◆ **EXERCISE DIRECTIONS**: Reproduce, exactly and in full, the lines from the one with "Simultaneously display multiple" through the one with "全晶透軸體透光更清晰,配合靜透軸音的冰瑩線性軸,聲音清澈耐聽。" in the data below; drop pictures.
** Opening MATERIAL PROVIDED block **
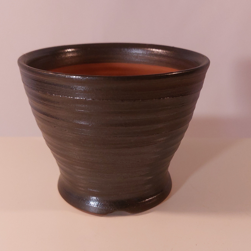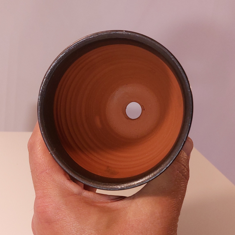 handgemacht, auf Töperscheibe gedreht / rund, mit Wasserablaufloch, Fuß mit seitlichem Wasserauslauf
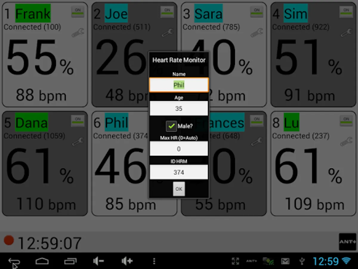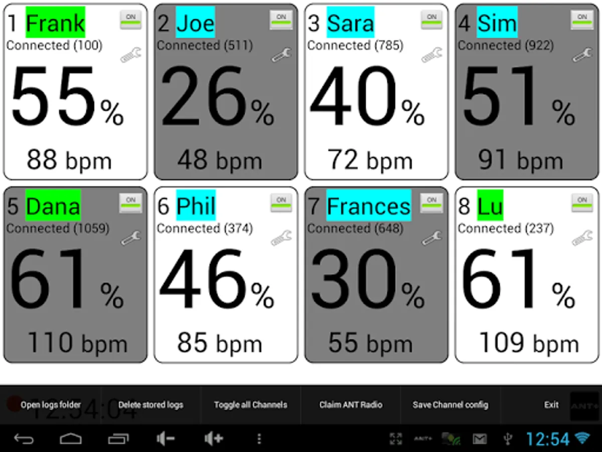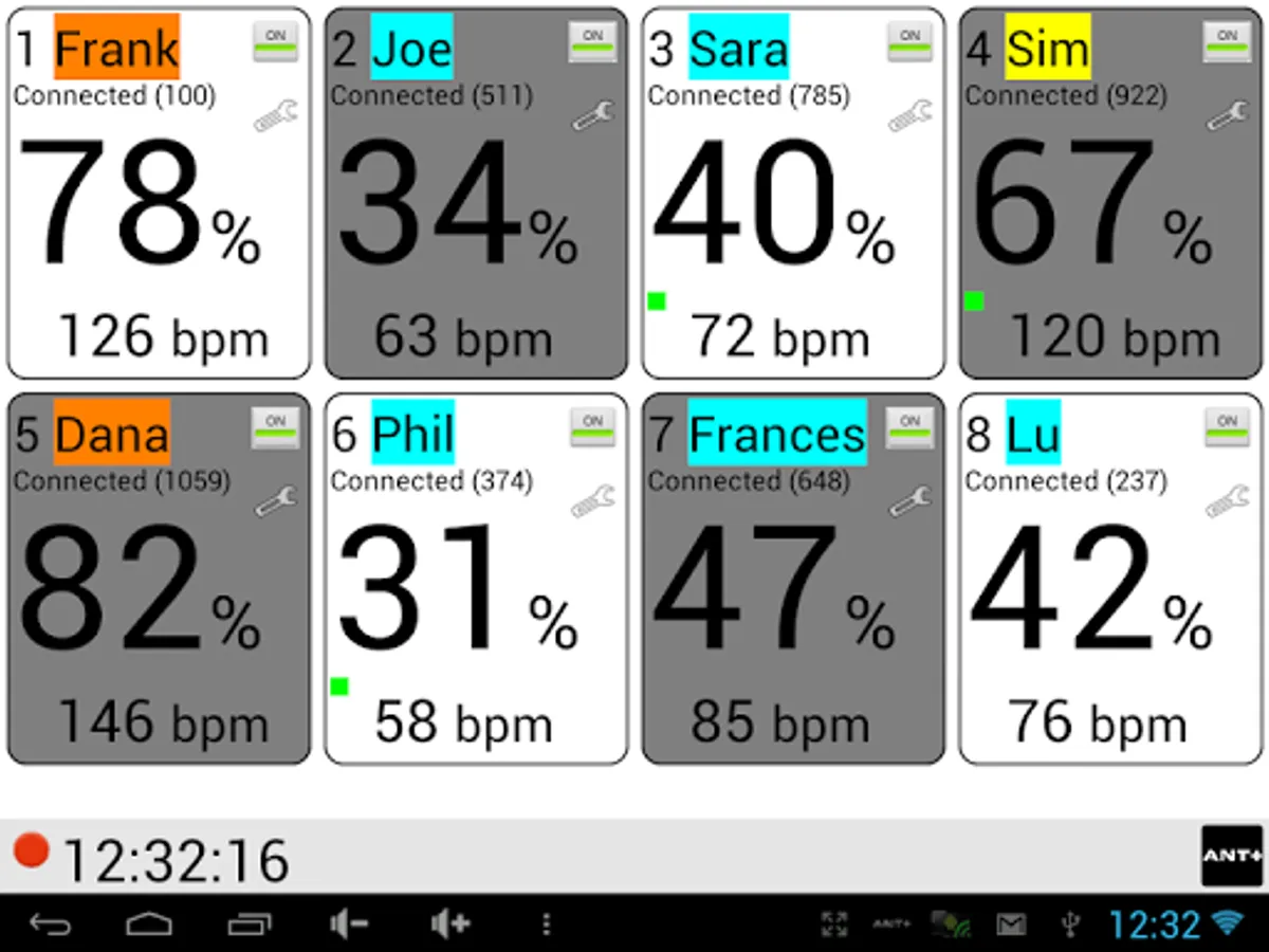 Simultaneously display multiple Heart Rate Monitor (HRM) belts values using the ANT+™ protocol. Useful for Cardio-Fitness, Spinning class and Gym fitness workouts, to easily display and control the training activity of up to 8 persons. HR reading of each trainee is displayed as relative % and absolute value.
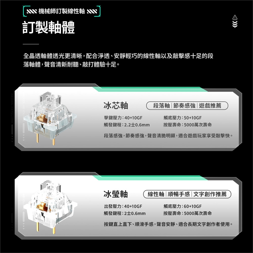 全晶透軸體透光更清晰,配合靜透軸音的冰瑩線性軸,聲音清澈耐聽。
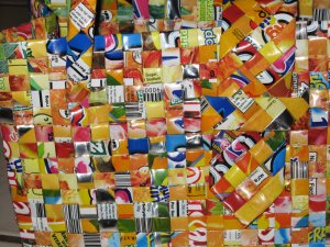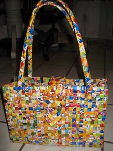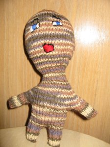 Hi there knitting buddies! Hope your summer is going well–seems like it gets shorter every year. I bought this bag at Wildfiber in Santa Monica at the beginning of the summer. I have seen these bags there before and resisted, but this time I couldn’t stand it. It is made from Capri sun type juice drink containers. Check out the company’s website at rebagz.com.By the way—Wildfiber in Santa Monica—best yarn store EVER! We must plan a trip. We could be in Santa Monica in 4 hours if we left on a Friday, spend some quality time at Wildfiber on Saturday, eat ground beef and pickle tacos at Malo in Silverlake for a late lunch, and be back home by 9. I feel a field trip coming! They have an actual “wall o’Koigu”, an adjacent “wall o’cashmere”, and just about anything else you want. Plus some stuff you didn’t know you wanted. We will discuss later………..The close up here shows that they use everything, even the nutritional labels and the silver part of the bag. The website shows some bags that are all silver. For the life of me, I can’t figure out how they did it. There is no evidence of a seam anywhere. You can carry it anywhere and set it down, it is impervious to yucky stuff on the ground. I bought it as a knitting tote (can you ever have enough?) and have been using it as a purse.Here is Mr. Stripey Head, made as part of Jackson’s first birthday present. He is from the book “the Knitted Odd-bod Bunch” by Donna Wilson. Check this book out next time you are in a big bookstore or knitting store. He is made from some left over Cascade Fixation sock yarn. He and all of his buddies have really odd bodies (hence the name) and strange faces. The strange faces really are nice because my embroidery skills are less than perfect.
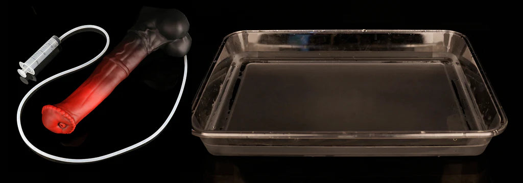 ①清潔剤(ぬるま湯にハンドソープまたはボディシャンプーを混ぜた液体)をのせた皿、Nothosaurの射精ディルド、付属された注射器を用意します。詳しくは【導管付きの製品について】をご確認ください。
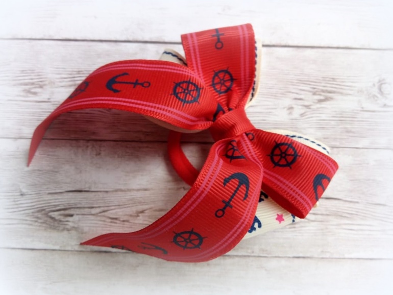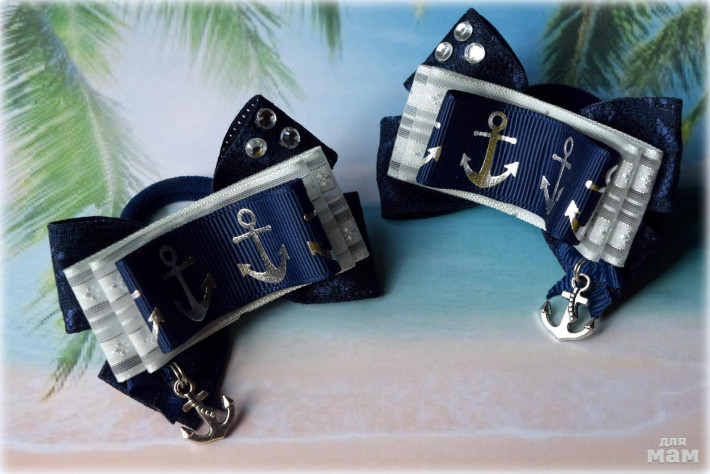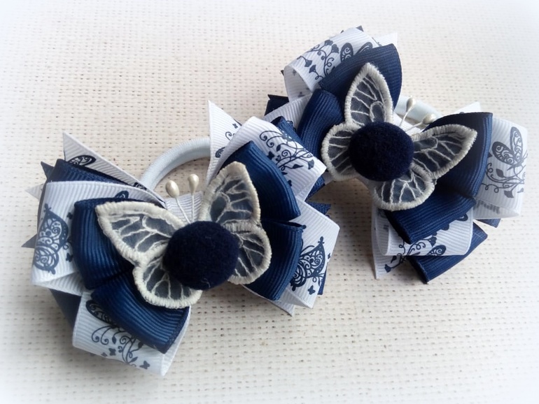 1) Школьные бантики на дизайнерской ленте. Смотрится нарядно за счет контраста. Размер по крайним точкам - 9 см. На праздники - очень свежий не избитый вариант!
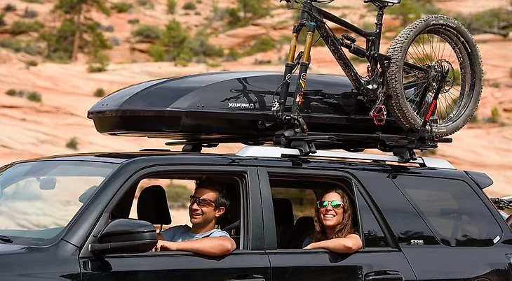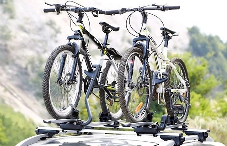 Багажники на крышу. Это, пожалуй, самый распространенный и универсальный тип. Он крепится к поперечинам, которые, в свою очередь, устанавливаются на рейлинги или штатные места на крыше автомобиля. Тип подходит для большинства ТС, имеющих рейлинги или штатные места для поперечин. Разновидность позволяет перевозить от одного до четырех велосипедов и, обычно, это самый бюджетный вариант. Из-за аэродинамического сопротивления крепления возможно увеличение расхода топлива, также багажник затрудняет въезд в гаражи и подземные парковки.
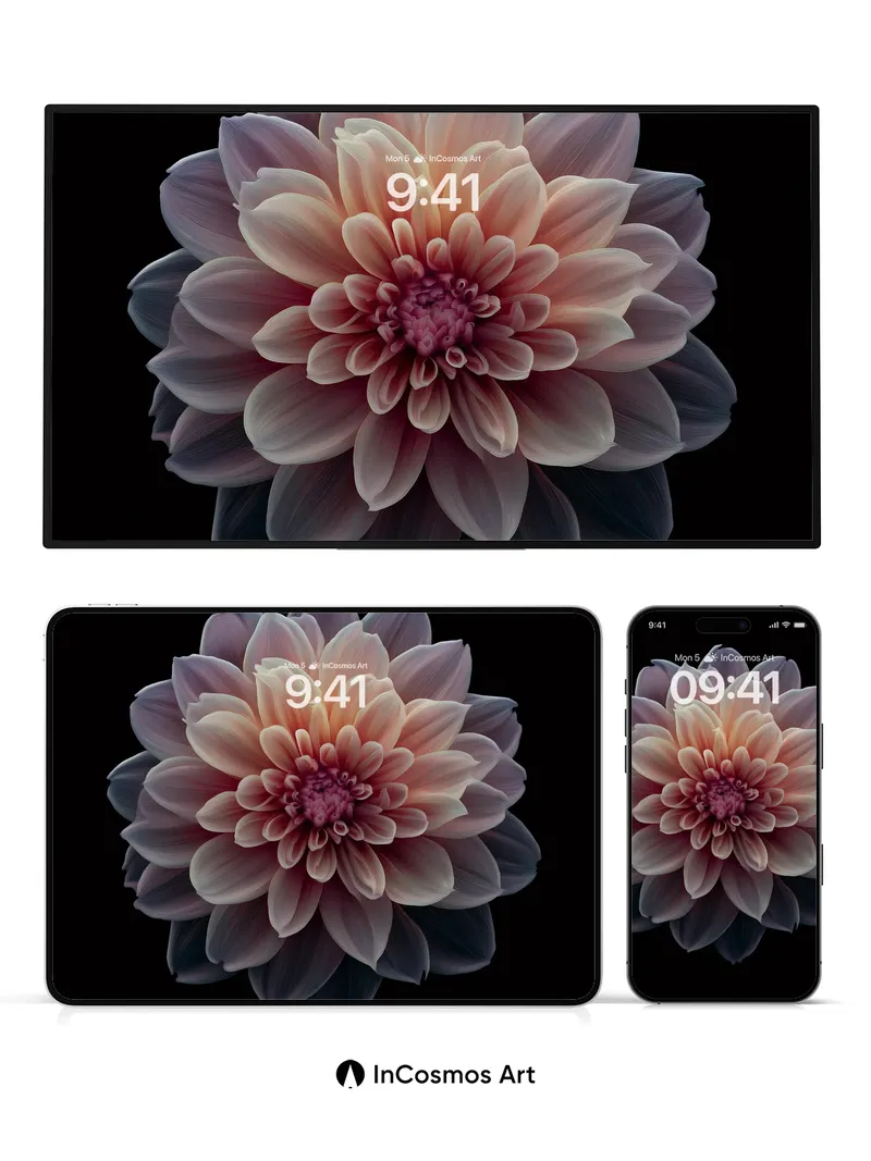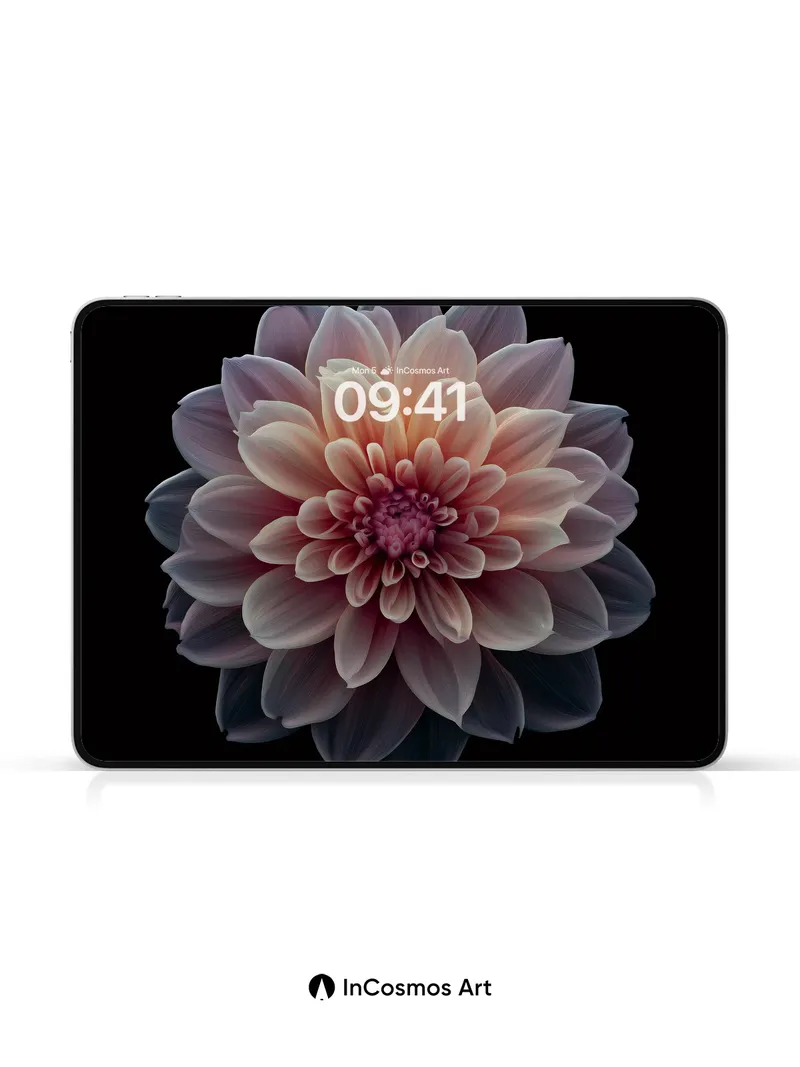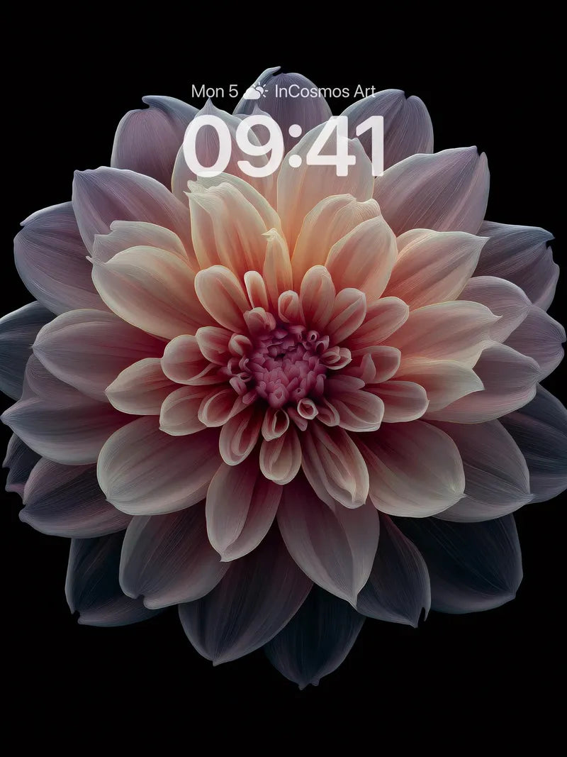 Debug page_description: Did you know that dahlia petals can hold moisture like tiny reservoirs, catching light in ways that mimic starlight? This bloom unfolds in soft gradients, each petal a whisper of peach and lavender, edged in shadow like silk kissed by dusk. The center pulses with quiet intensity, a heart of rose-hued mystery that draws your gaze inward, as if the flower breathes slowly, alive in stillness. Share this with your best friend. Send this to your love and swap a matching set. What if every night, your walls opened into a secret garden?
** Closing MATERIAL PROVIDED block **
◆ **SOLUTION FOR THIS TASK**:
 Simultaneously display multiple Heart Rate Monitor (HRM) belts values using the ANT+™ protocol. Useful for Cardio-Fitness, Spinning class and Gym fitness workouts, to easily display and control the training activity of up to 8 persons. HR reading of each trainee is displayed as relative % and absolute value.
 全晶透軸體透光更清晰,配合靜透軸音的冰瑩線性軸,聲音清澈耐聽。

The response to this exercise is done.